## Task
Without any pictures, retype exactly the lines from the one with "Glimpses of the" through the final line of the records.

┄┄┄┄┄┄┄┄┄┄┄┄┄┄┄┄┄┄┄┄

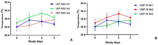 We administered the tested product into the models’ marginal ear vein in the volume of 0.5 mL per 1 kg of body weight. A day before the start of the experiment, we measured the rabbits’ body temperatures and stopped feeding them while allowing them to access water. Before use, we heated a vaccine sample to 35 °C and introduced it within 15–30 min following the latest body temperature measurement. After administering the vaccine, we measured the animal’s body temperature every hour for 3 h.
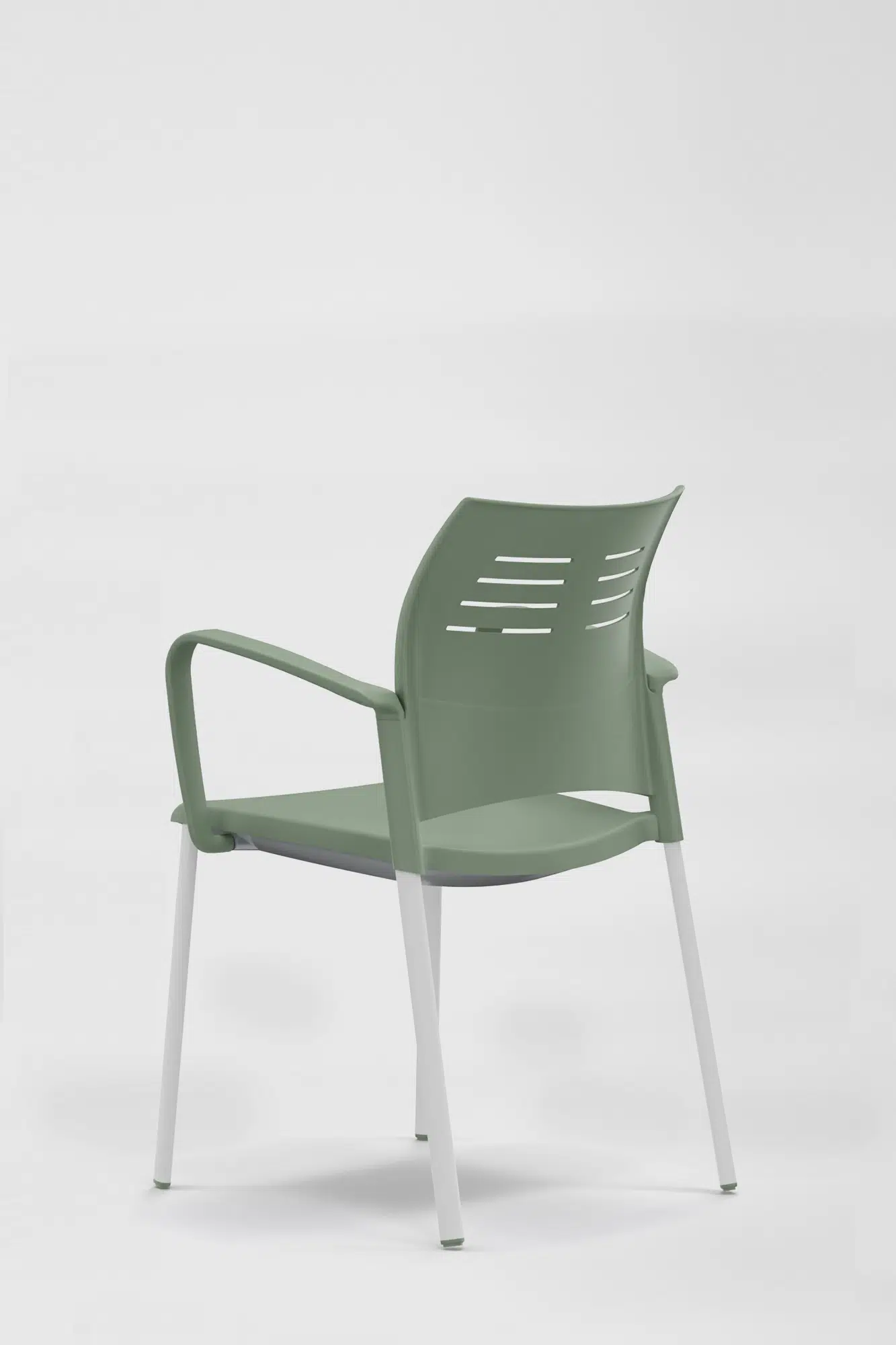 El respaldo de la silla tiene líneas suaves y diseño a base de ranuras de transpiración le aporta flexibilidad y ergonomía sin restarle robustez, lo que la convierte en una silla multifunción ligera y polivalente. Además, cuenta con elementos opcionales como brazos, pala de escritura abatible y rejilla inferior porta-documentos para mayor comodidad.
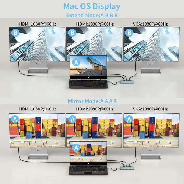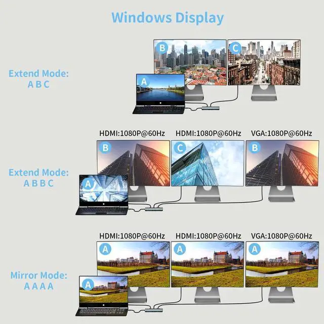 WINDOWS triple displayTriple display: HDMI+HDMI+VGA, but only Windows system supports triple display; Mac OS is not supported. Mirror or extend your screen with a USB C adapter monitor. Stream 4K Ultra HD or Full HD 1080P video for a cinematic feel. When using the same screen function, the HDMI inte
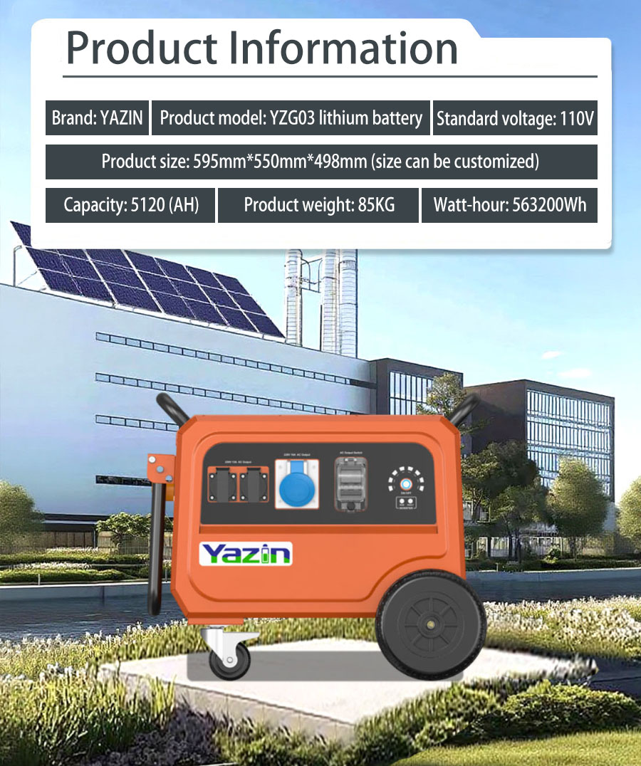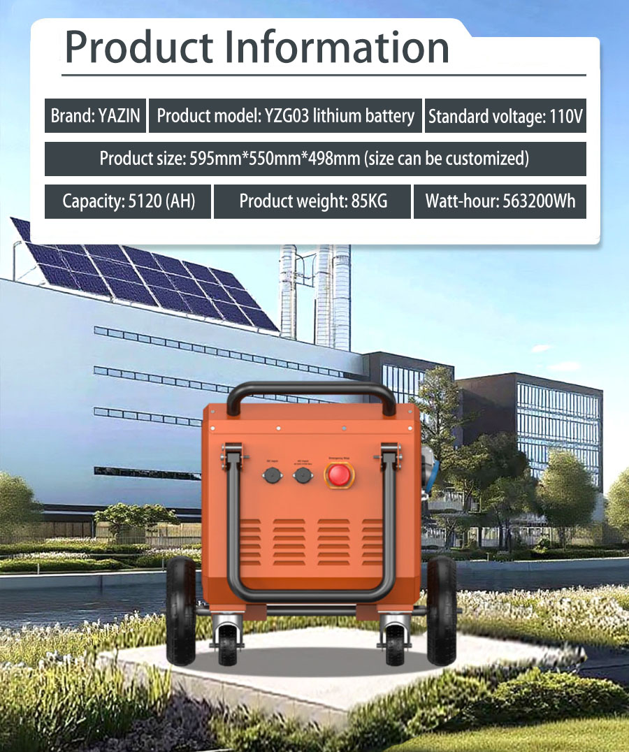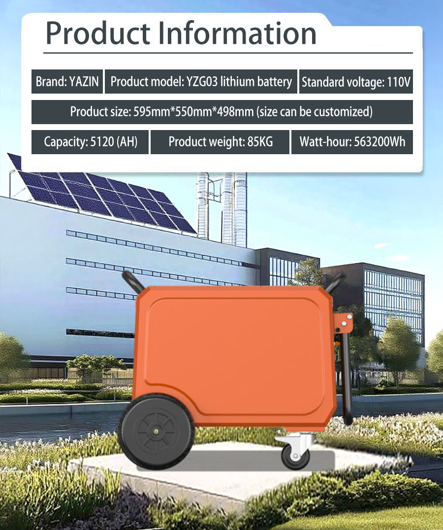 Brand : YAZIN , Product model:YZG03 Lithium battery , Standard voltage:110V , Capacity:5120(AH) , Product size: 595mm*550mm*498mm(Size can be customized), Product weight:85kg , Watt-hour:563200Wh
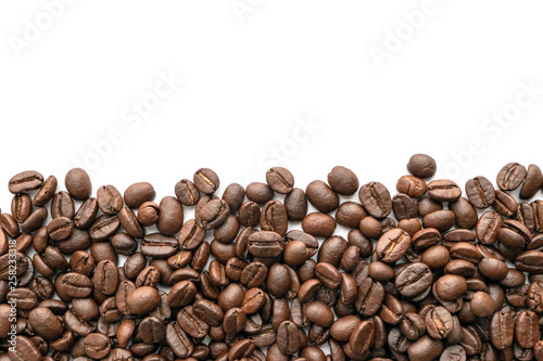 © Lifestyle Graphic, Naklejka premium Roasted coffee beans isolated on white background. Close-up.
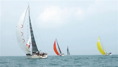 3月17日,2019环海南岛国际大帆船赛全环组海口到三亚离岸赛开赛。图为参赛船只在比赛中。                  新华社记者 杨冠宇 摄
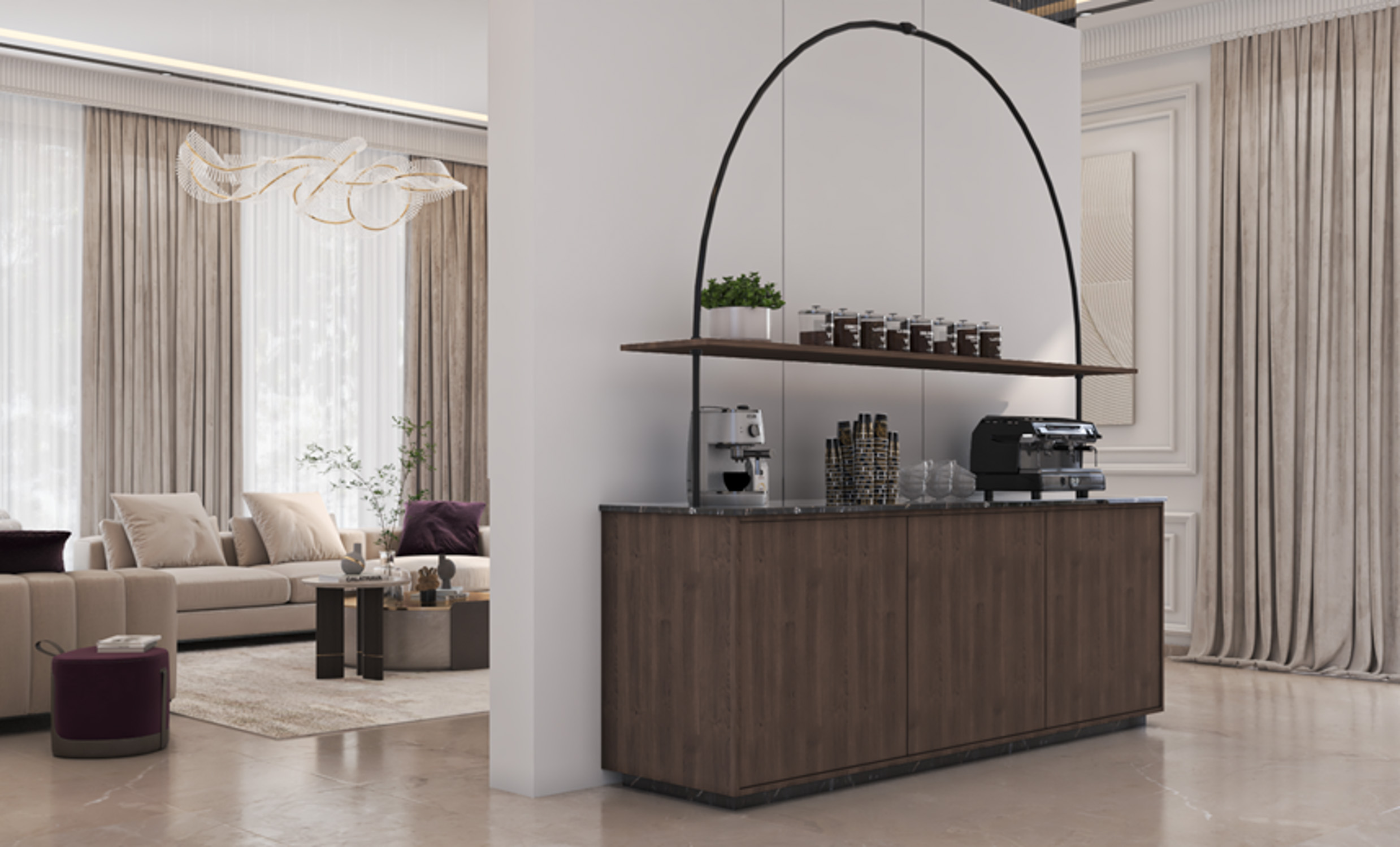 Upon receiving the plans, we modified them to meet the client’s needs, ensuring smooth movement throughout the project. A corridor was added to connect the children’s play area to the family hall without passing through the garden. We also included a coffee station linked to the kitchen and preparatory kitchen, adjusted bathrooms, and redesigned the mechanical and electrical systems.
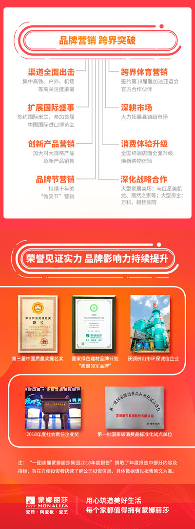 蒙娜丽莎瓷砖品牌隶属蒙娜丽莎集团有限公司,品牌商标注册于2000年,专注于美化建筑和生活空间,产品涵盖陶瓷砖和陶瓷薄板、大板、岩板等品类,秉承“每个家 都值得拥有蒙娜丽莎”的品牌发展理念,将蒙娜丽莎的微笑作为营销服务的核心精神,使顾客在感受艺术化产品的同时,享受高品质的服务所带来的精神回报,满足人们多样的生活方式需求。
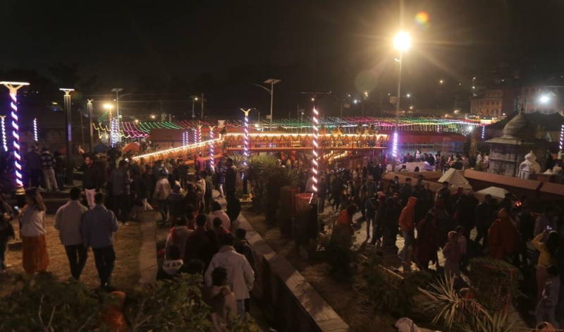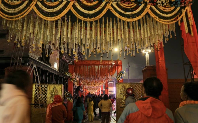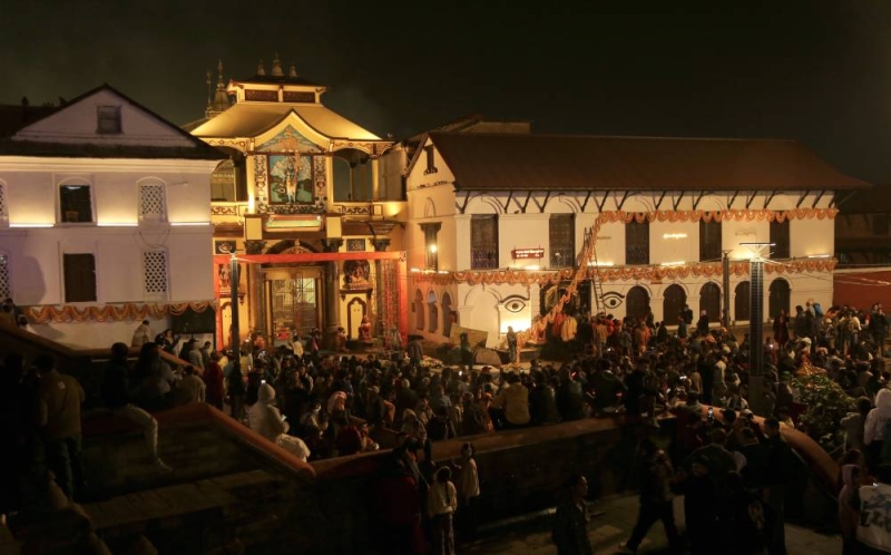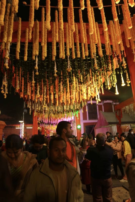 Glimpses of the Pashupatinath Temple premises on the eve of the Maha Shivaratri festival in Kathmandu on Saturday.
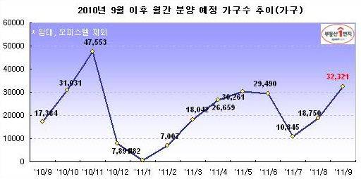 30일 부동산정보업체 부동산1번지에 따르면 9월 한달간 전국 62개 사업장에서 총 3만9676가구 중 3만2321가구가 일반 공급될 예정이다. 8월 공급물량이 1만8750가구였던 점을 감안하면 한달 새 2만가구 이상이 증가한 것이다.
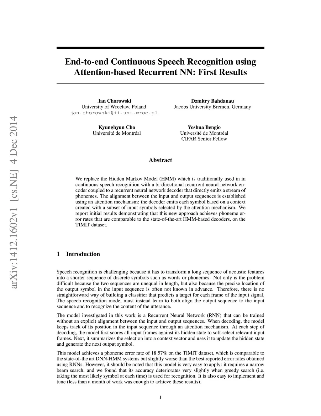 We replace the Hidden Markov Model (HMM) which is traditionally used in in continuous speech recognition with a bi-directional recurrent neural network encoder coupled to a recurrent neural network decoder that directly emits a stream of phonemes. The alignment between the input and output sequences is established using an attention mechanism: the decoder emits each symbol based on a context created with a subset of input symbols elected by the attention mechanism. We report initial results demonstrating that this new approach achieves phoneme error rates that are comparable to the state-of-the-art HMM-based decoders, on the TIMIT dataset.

┄┄┄┄┄┄┄┄┄┄┄┄┄┄┄┄┄┄┄┄

## Answer for the task
 Glimpses of the Pashupatinath Temple premises on the eve of the Maha Shivaratri festival in Kathmandu on Saturday.
 30일 부동산정보업체 부동산1번지에 따르면 9월 한달간 전국 62개 사업장에서 총 3만9676가구 중 3만2321가구가 일반 공급될 예정이다. 8월 공급물량이 1만8750가구였던 점을 감안하면 한달 새 2만가구 이상이 증가한 것이다.
 We replace the Hidden Markov Model (HMM) which is traditionally used in in continuous speech recognition with a bi-directional recurrent neural network encoder coupled to a recurrent neural network decoder that directly emits a stream of phonemes. The alignment between the input and output sequences is established using an attention mechanism: the decoder emits each symbol based on a context created with a subset of input symbols elected by the attention mechanism. We report initial results demonstrating that this new approach achieves phoneme error rates that are comparable to the state-of-the-art HMM-based decoders, on the TIMIT dataset.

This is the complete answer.